Net metering is a policy that many states already have implemented to encourage the use of small renewable energy systems. Approximately 40 states have adopted some form of net metering law for small wind and/or photovoltaic technologies; the customer receives a credit for excess power sold to the utility.

Under most state rules, all retail customers are eligible for net metering; however, some states restrict eligibility to particular customer classes {such as farm subsidies}. Customer participation in net metering programs has grown significantly.

In 2004, a total of 15,286 customers were in net metering programs—a 132-percent increase from 2003. Residential customers accounted for 89 percent of all customers participating in such programs.

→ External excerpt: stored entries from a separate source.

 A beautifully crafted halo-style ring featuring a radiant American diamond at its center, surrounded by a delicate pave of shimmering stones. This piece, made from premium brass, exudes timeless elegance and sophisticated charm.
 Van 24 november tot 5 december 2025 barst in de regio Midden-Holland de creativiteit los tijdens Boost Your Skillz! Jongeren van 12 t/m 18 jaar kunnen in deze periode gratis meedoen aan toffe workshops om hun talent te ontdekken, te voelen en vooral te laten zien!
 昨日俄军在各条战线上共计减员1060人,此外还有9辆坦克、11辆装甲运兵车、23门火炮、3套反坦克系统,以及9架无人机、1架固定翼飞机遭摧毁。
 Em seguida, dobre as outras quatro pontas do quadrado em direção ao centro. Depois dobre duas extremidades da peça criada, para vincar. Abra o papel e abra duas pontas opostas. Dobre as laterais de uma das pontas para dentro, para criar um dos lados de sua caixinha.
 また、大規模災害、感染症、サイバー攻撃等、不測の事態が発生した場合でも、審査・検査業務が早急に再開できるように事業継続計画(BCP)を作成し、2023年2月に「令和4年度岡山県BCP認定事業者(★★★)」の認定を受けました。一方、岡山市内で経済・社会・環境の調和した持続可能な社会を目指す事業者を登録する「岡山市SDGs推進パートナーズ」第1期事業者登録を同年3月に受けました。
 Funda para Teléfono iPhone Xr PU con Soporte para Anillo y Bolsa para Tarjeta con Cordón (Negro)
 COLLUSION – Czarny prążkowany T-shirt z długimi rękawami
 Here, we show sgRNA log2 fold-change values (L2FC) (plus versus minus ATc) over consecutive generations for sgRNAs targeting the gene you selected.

{With the fourth-best wind power in the nation at 1,030 kWh per year, nearly every South Dakotan who installs a small or community wind turbine would be eligible for net metering. Diversifying income in this manner occurs any time the wind is blowing faster than 14 mph (probably five days out of seven in SD, yes?)}

The use of net metering with current metering technology is problematic, however, because standard meters cannot account for the difference

• between high-cost peak and low-cost off-peak electricity or
• in wholesale and retail electricity costs.

For example, a conventional meter only can record that over a given month an onsite generator sold a net of 100 kWh to the local utility, but will have no record of when the 100 kWh was sold. Sales at 4 p.m. on a hot summer weekday will have a much higher value than sales at 3 a.m. on a Saturday morning.

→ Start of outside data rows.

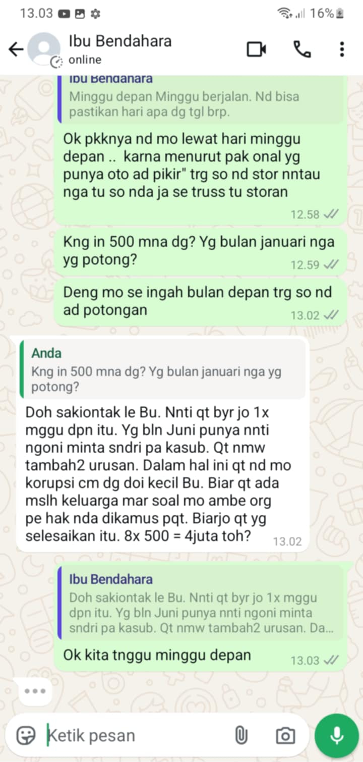 Saat dikonfirmasi melalui WhatsApp, oknum GP justru berkelit. “Nanti kita bayar jo minggu depan… yang bulan Juni punya, minta sendiri pa kasub,” demikian kutipan pesannya. Sebuah pernyataan yang tidak hanya menunjukkan sikap lepas tangan, tetapi juga membuktikan dugaan permainan kotor dalam pengelolaan keuangan Kecamatan Tikala. Jika ini bukan korupsi, lalu apa namanya?
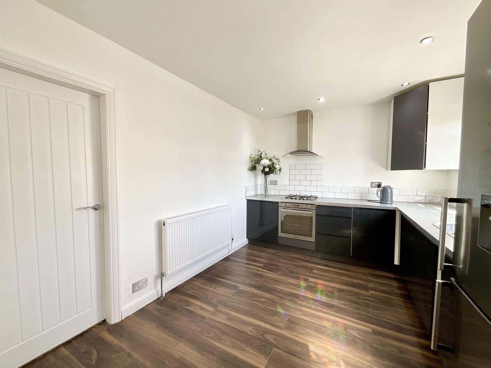 The modern kitchen/diner is fitted with a range of wall and base units, complemented by contrasting work surfaces and an inbuilt oven and hob. There is also a useful storage cupboard and a rear door opening out to the garden, making this an ideal space for everyday dining and entertaining.
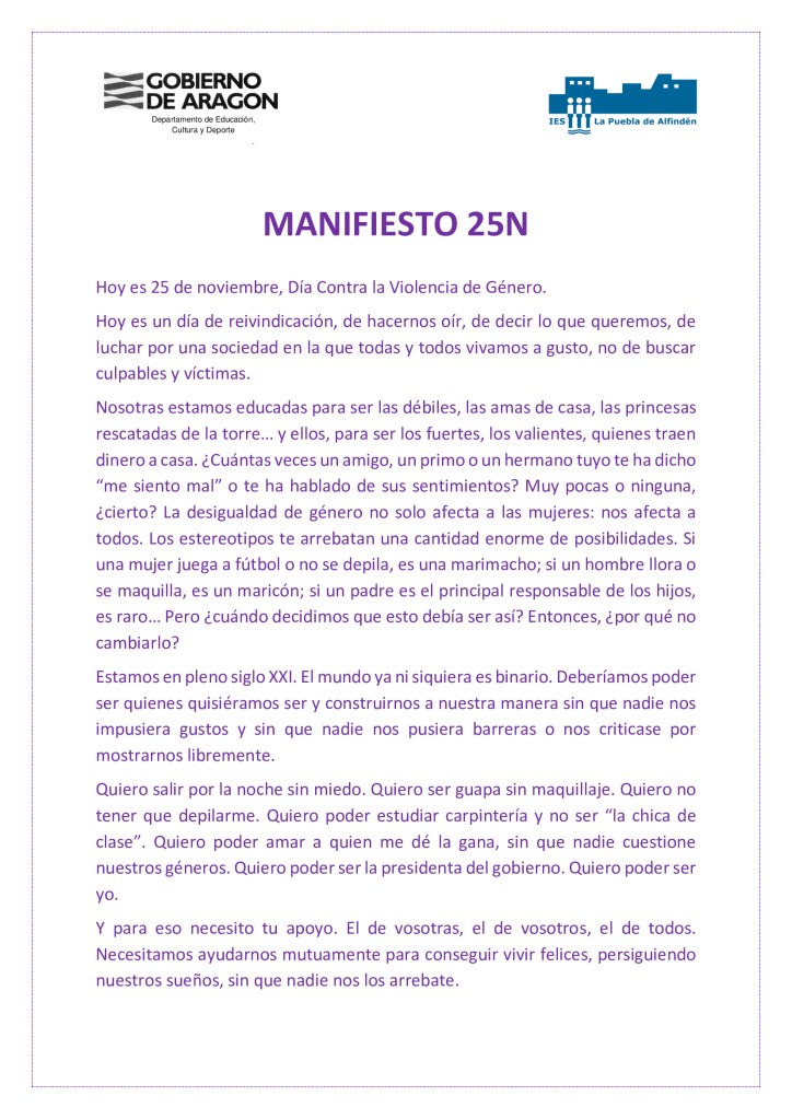 Como cada 25N, las alumnas y alumnos del IES La Puebla de Alfindén toman el protagonismo para reivindicar un mundo sin violencia machista. Así lo reclama nuestro manifiesto, redactado por Lucía Puigdevall, de 3.º B.

In order for electric utilities to remain financially viable in the current era of increased operating costs and continued need to invest in infrastructure development and expansion, rates must increase.

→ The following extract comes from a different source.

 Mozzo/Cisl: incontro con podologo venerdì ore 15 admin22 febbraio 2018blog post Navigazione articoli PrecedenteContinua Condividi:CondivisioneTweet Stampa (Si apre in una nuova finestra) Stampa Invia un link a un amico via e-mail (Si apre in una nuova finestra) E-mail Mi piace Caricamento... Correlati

Indeed,electricity prices in many regions already have increased and further increases will be necessary in many cases. For example, between January 2005 and January 2006, U.S. electricity prices increased by an average of 11.6 percent, which predominantly reflected increased fuel and purchased power expenses.

These increases affected all customer classes

• residential prices rose by 12.5 percent
• commercial prices rose by 10.5 percent and
• industrial prices rose by 12.6 percent.

Table 9-1 provides a comparison of retail electricity prices over time, as well as similar measures for other key consumer price indices. The 2000 to 2005 picture, however, shows electricity prices growing at a slightly greater rate than that of all items in the CPI. However, even in this period, other energy prices are growing much more rapidly than electricity prices.

Retail prices have become more complex and varied in the past decade. This is a result of

• regional and state differences in rate regulation
• wholesale market organization
• generation mix and
• the individual characteristics of utilities themselves, such as their reliance on owned generation or purchased power to serve load.

It is clear that the fundamental cost driver of increased fuel prices ultimately will increase electricity prices across the country andcharacter of the price increases will have a substantial impact on the ability of utilities to pursue needed investment priorities.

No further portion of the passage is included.